Genetically Engineered In Vitro Erythropoiesis

BACKGROUND: Engineered blood has the greatest potential to combat a predicted future shortfall in the US blood supply for transfusion treatments. Engineered blood produced from hematopoietic stem cell (HSC) derived red blood cells in a laboratory is possible, but critical barriers exist to the production of clinically relevant quantities of red blood cells required to create a unit of blood. Erythroblasts have a finite expansion capacity and there are many negative regulatory mechanisms that inhibit in vitro erythropoiesis. In order to overcome these barriers and enable mass production, the expansion capacity of erythroblasts in culture will need to be exponentially improved over the current state of art. This work focused on the hypothesis that genetic engineering of HSC derived erythroblasts can overcome these obstacles. OBJECTIVES: The objective of this research effort was to improve in vitro erythropoiesis efficiency from human adult stem cell derived erythroblasts utilizing genetic engineering. The ultimate goal is to enable the mass production of engineered blood. METHODS: HSCs were isolated from blood samples and cultured in a liquid media containing growth factors. Cells were transfected using a Piggybac plasmid transposon. RESULTS: Cells transfected with SPI-1 continued to proliferate in a liquid culture media. Fluorescence-activated cell sorting (FACS) analysis on culture day 45 revealed a single population of CD71+CD117+ proerythroblast cells. The results of this study suggest that genetically modified erythroblasts could be immortalized in vitro by way of a system modeling murine erythroleukemia. CONCLUSION: Genetic modification can increase erythroblast expansion capacity and potentially enable mass production of red blood cells.

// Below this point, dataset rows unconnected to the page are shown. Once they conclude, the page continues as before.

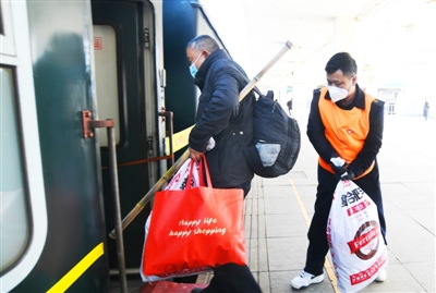 29日,咸寧火車站,鐵路青年志愿者幫行李較多的老年旅客提行李上車。咸寧日報(bào)全媒體記者陳紅菊攝。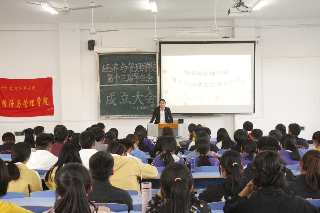 第十三届学生会成立大会在文渊楼208教室召开。学院党委副书记周毅、团总支负责人方蓬、专职辅导员孙栎简出席会议,学生会全体成员参会。会议由学生会干部许宣主持。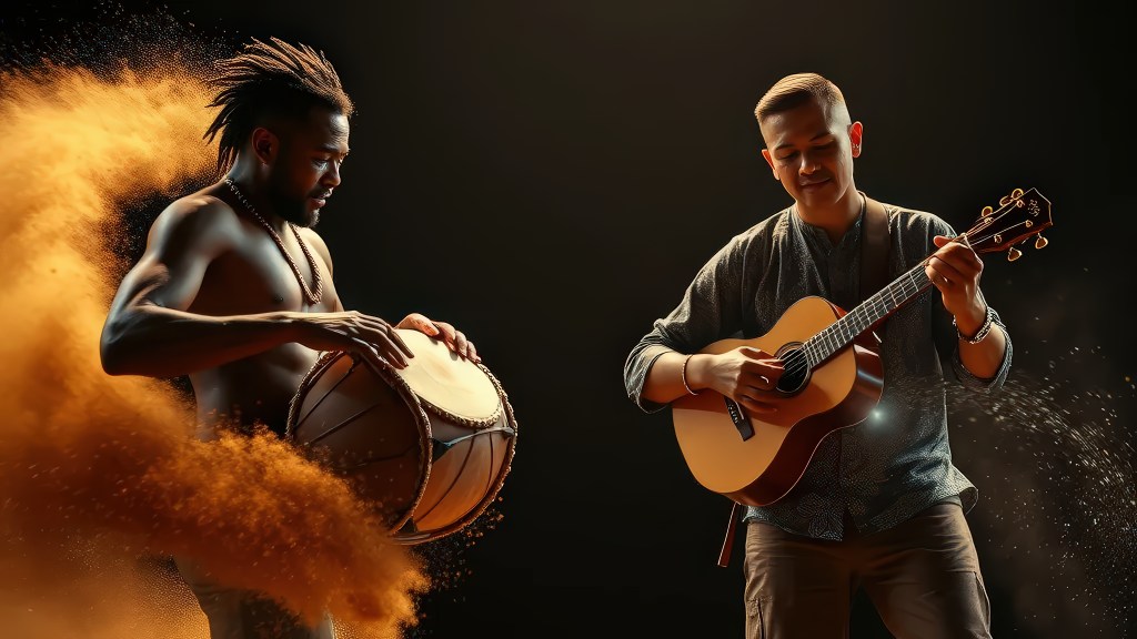Imagine the soft rhythm of rain falling outside an old wooden house… the echo of a bamboo flute blending with the beat of distant drums… and two voices — one Indonesian, one African — singing together about hope and togetherness.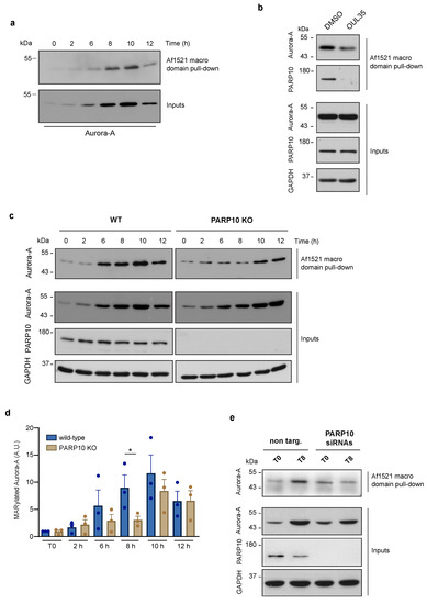 Aurora-A MARylation is dependent on PARP10 during the G2/M transition. MARylation levels of Aurora A were analyzed using the Af1521 macro domain-based pull-down assay on total cell lysates obtained from: (a) HeLa cells harvested at different time points (as indicated) after double thymidine block; (b) synchronized HeLa cells harvested at 8 h after release untreated (control) or treated with the PARP10 inhibitor OUL35 (10 µM, 2 h); (c) wild-type and PARP10 KO HeLa cells harvested at different time points (as indicated) after double thymidine block; (d) Quantification of MARylated Aurora-A from c. Data are means (±S.D.) from three independent experiments. Two-tailed Student’s t-tests were applied to the data (* p < 0.05). (e) Total lysates from synchronized HeLa cells treated (48 h) with non-targeting siRNA (non-targ.) or a pool of PARP10 siRNAs (PARP10 siRNAs), were harvested at 8 h after release and analyzed for Aurora-A ADP-ribosylation by Af1521 macro domain-based pull-down assay. Full pictures of the Western blots are presented in Figure S6.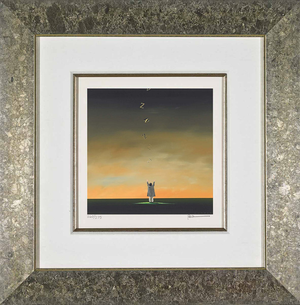 "Catching Z's" is a 9.5 x 9 - inch Robert Deyber Lithograph. "Catching Z's" comes framed, signed and with a certificate of authenticity.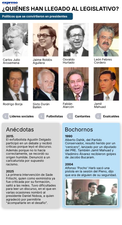 2015. El exfutbolista Agustín Delgado participó en un debate y recibió críticas porque leyó el discurso. Además porque no lo hacía correctamente, se recordó su origen humilde. Denunció a un caricaturista por supuesto racismo. 2025 La primera intervención de Sade Fritschi, quien como exministra ya fue criticada por su formación, saltó a las redes. Tuvo dificultades para leer un discurso, en el que en varias ocasiones nombró al presidente Daniel Noboa, a quien agradeció por permitirle "acompañarle en el desafío".
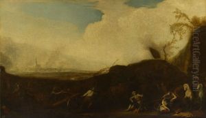 Schildering "Veldslag" olieverf op hout, door Georg Philipp Rugendas, ingelijst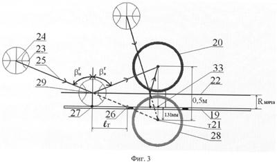 – при продлении траекторий 25 полета центра мяча 23 за плоскость основного щита 19 получают их пересечение в одной точке т.21 – фиг.3, что позволяет установить центр воображаемого баскетбольного кольца, симметрично расположенного основному кольцу 20 относительно мнимого щита 22;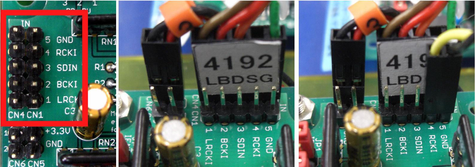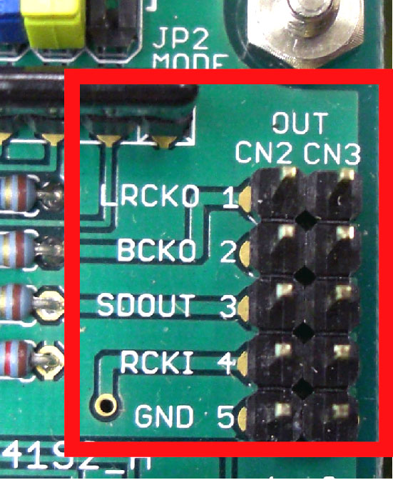 DIT4192_Eへのオーディオシリアル信号(176.4kHz 24bit I2S)とシステムクロック(22..5792MHz)の出力箇所は基板右側に5ピンヘッダピンCN2とCN3です。(CN2とCN3はどちらも同じ信号出力です。)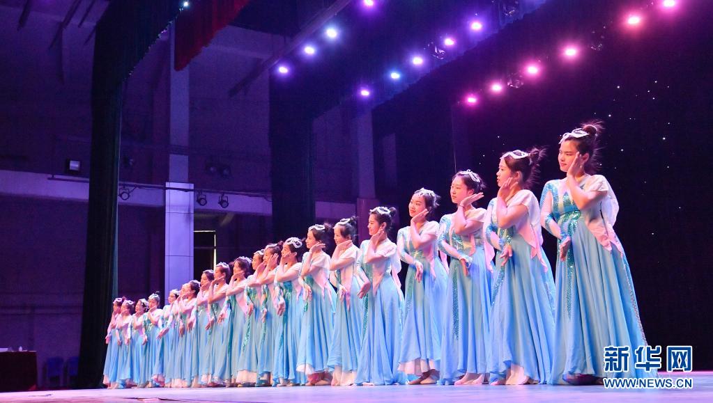 天津理工大學(xué)聾人工學(xué)院的舞蹈隊員們在學(xué)校的劇場里進(jìn)行彩排(5月10日攝)。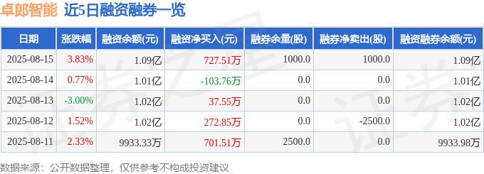 卓郎智能融资融券信息显示,融资方面,当日融资买入2488.14万元,融资偿还1760.63万元,融资净买入727.51万元。融券方面,融券卖出1000.0股,融券偿还0.0股,融券余量1000.0股,融券余额0.27万元。融资融券余额1.09亿元。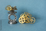 An abstract mechanical composition, installation made up of antique bearings and bronze cogs wheels gears of various kinds. Blue background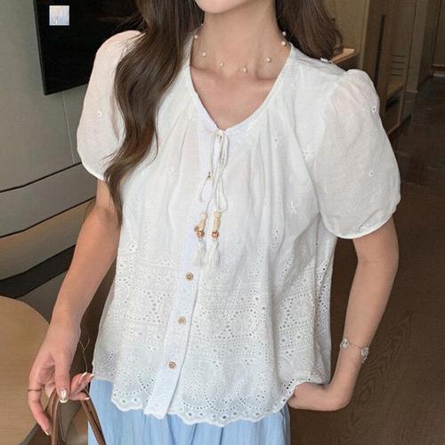 COSYEVNO 여성 여름 레이스 리본 프릴 반팔 블라우스 BCXpp-10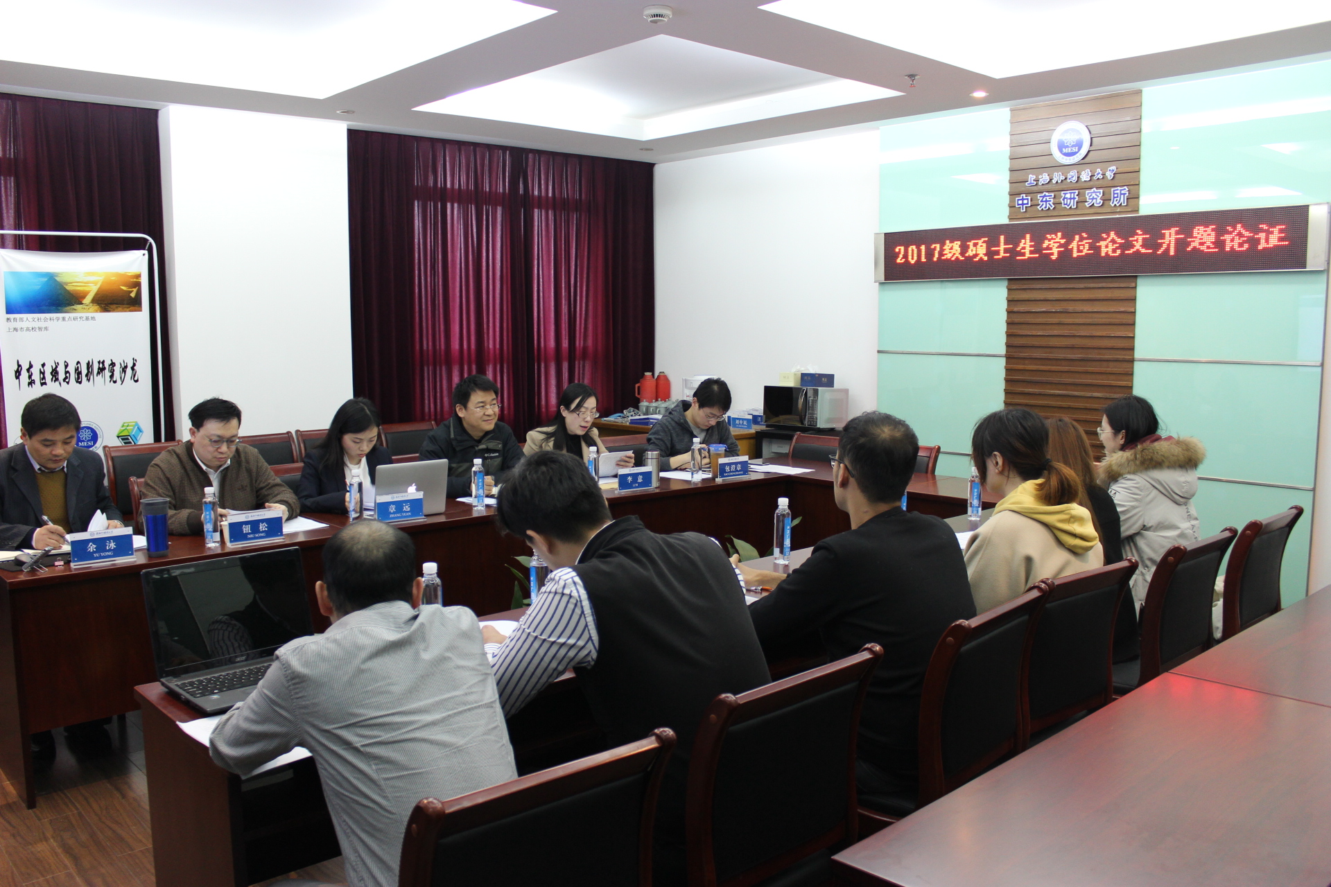 2019年3月18日下午,上外中东研究所举行2017级硕士研究生学位论文开题报告会,杨洋、王天冉、李佳欣、徐伟杰、Enkhtaivan Uuganbaatar、Otajonov Komronbek先后汇报了各自论文的选题、研究思路、文献收集等情况。硕士生李念慈在以色列特拉维夫大学留学,导师们集中意见形成文字反馈。中东研究所研究人员钮松、章远、余泳、李意、包澄章、潜旭明等出席开题答辩会,从选题、框架、文献等角度,针对存在的问题对每位学生的开题报告进行了评述并提出修改建议。韩建伟导师因赴英国访学,通过邮件反馈了对每位硕士研究生开题报告的点评与建议。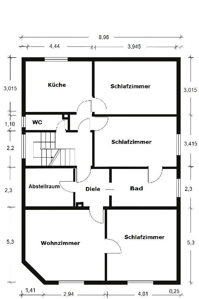 Im Wohnhaus sind die Wohnungen über das zentrale und gepflegte Treppenhaus erreichbar.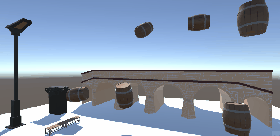 Learnt how to import models into unity this week. I imported the barrel and bridge from module 1 as well as three free models, a bench, bin and a street lamp: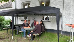 Spargelessen 2025 Am 1. Juni 2025 fand das zweite Spargelessen der Werstener Jonges statt. Nach dem grossen Anklang im Jahr 2024 haben wir dieses Jahr das Spargelessen glatt noch einmal wiederholt. Das Wetter war uns wohl gesonnen und auch draußen in unserem "Vorgarten" konnte man es sich gut gehen lassen. Das Spargel Team draussen Das Spargel Team drinnen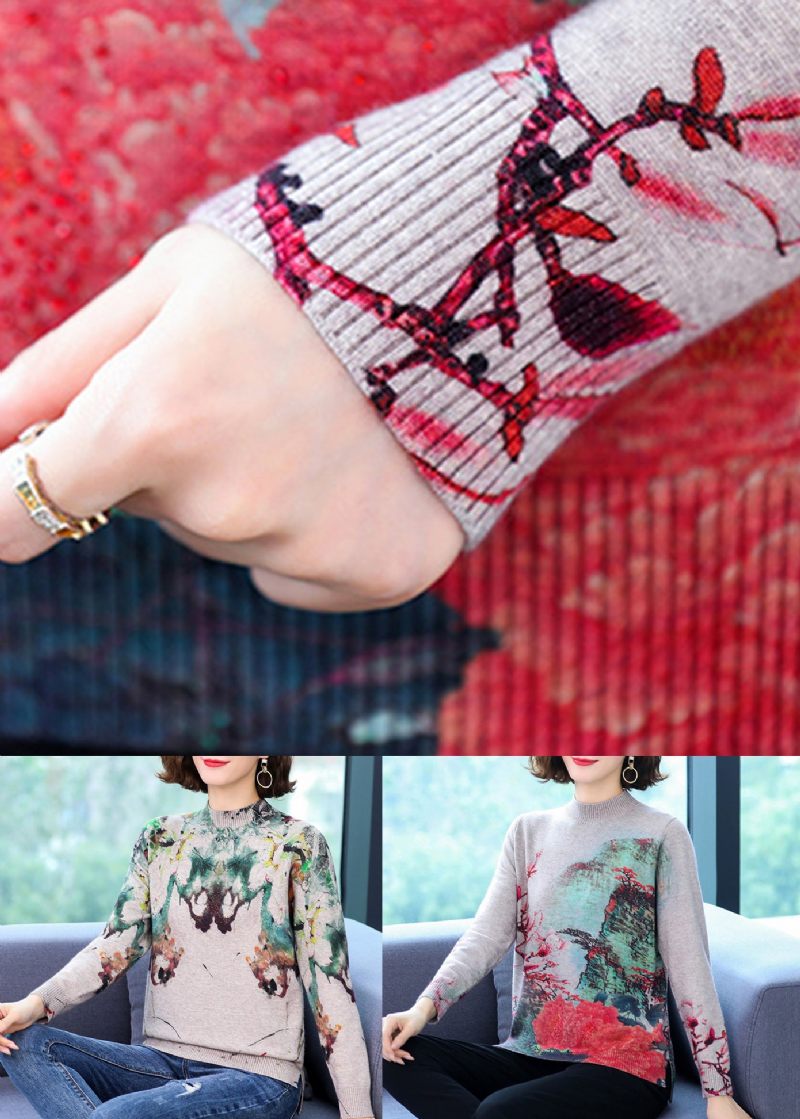 Röd Tryck Mjuk Ylle Kort Tröja Halvhög Hals Fjäder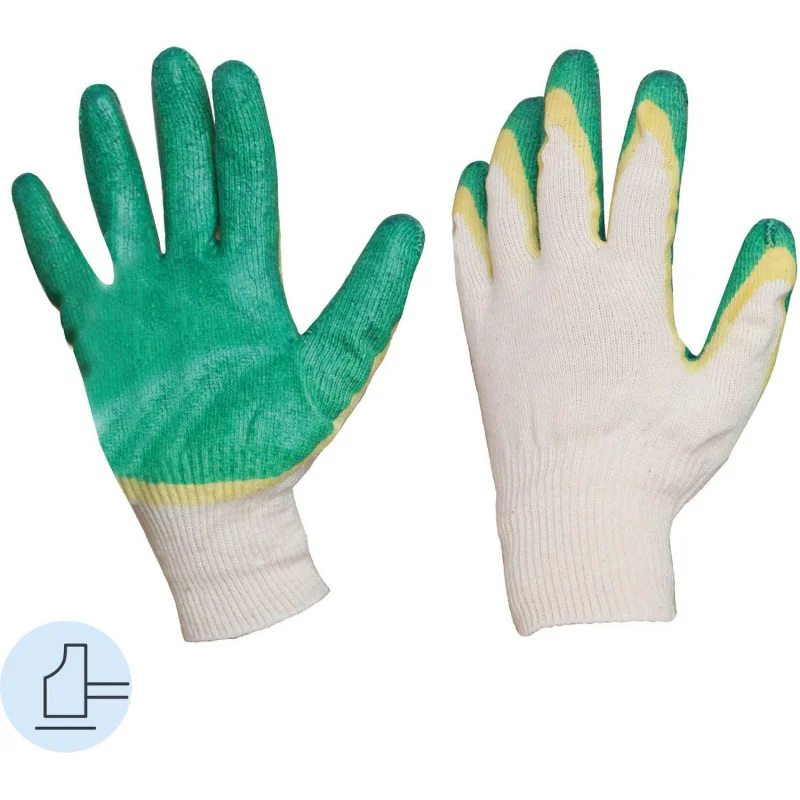 Перчатки рабочие защитные трикотажные с двойным латексным покрытием белые/зеленые (13 класс, универсальный размер, 200 пар в упаковке). Универсальные рабочие перчатки трикотажные х/б с двойным латексным покрытием ладони и вязаной манжетой предназначены для защиты рук от механических повреждений в производственных и бытовых условиях. Латексное покрытие обеспечивает надежный захват скользящих материалов, повышая безопасность при выполнении различных работ.

Exogenous c-Myc Blocks Differentiation and Improves Expansion of Human Erythroblasts In vitro

BACKGROUND: Engineered blood has the greatest potential to combat a predicted future shortfall in the blood supply for transfusion treatment. The production of red blood cells from hematopoietic stem cells in the laboratory is possible but the mass production of red blood cells to the level present in a blood transfusion unit is currently not possible. The proliferation capacity of the immature red blood cell will need to be increased to enable mass production. This work focused on the hypothesis that exogenous c-Myc can delay the differentiation process of highly proliferative immature erythroblasts, and increase the proliferation capacity of erythroblast cell cultures. OBJECTIVES: The objective of this research effort was to improve in vitro erythropoiesis from stem cells without gene transfection with the eventual goal of producing blood for transfusion treatment in a manner that could be easily translated into clinical medicine. METHODS: The hematopoietic stem cell containing mononuclear cell fraction of venous blood samples was cultured in a liquid media containing erythroblasts growth factors with and without exogenous c-Myc combined with a cell-penetrating peptide. The cells were maintained in the liquid culture media for 23 days. Viable cells were counted and analyzed with flow cytometry. RESULTS: Our results show a 4 fold increase in expansion of the erythroblasts grown in the c-Myc containing growth media compared to the control. Eighty percent of these cells retained the CD117 surface receptor, indicating immature cells. CONCLUSION: Exogenous c-Myc blocks the differentiation and improves in vitro expansion of human erythroblasts.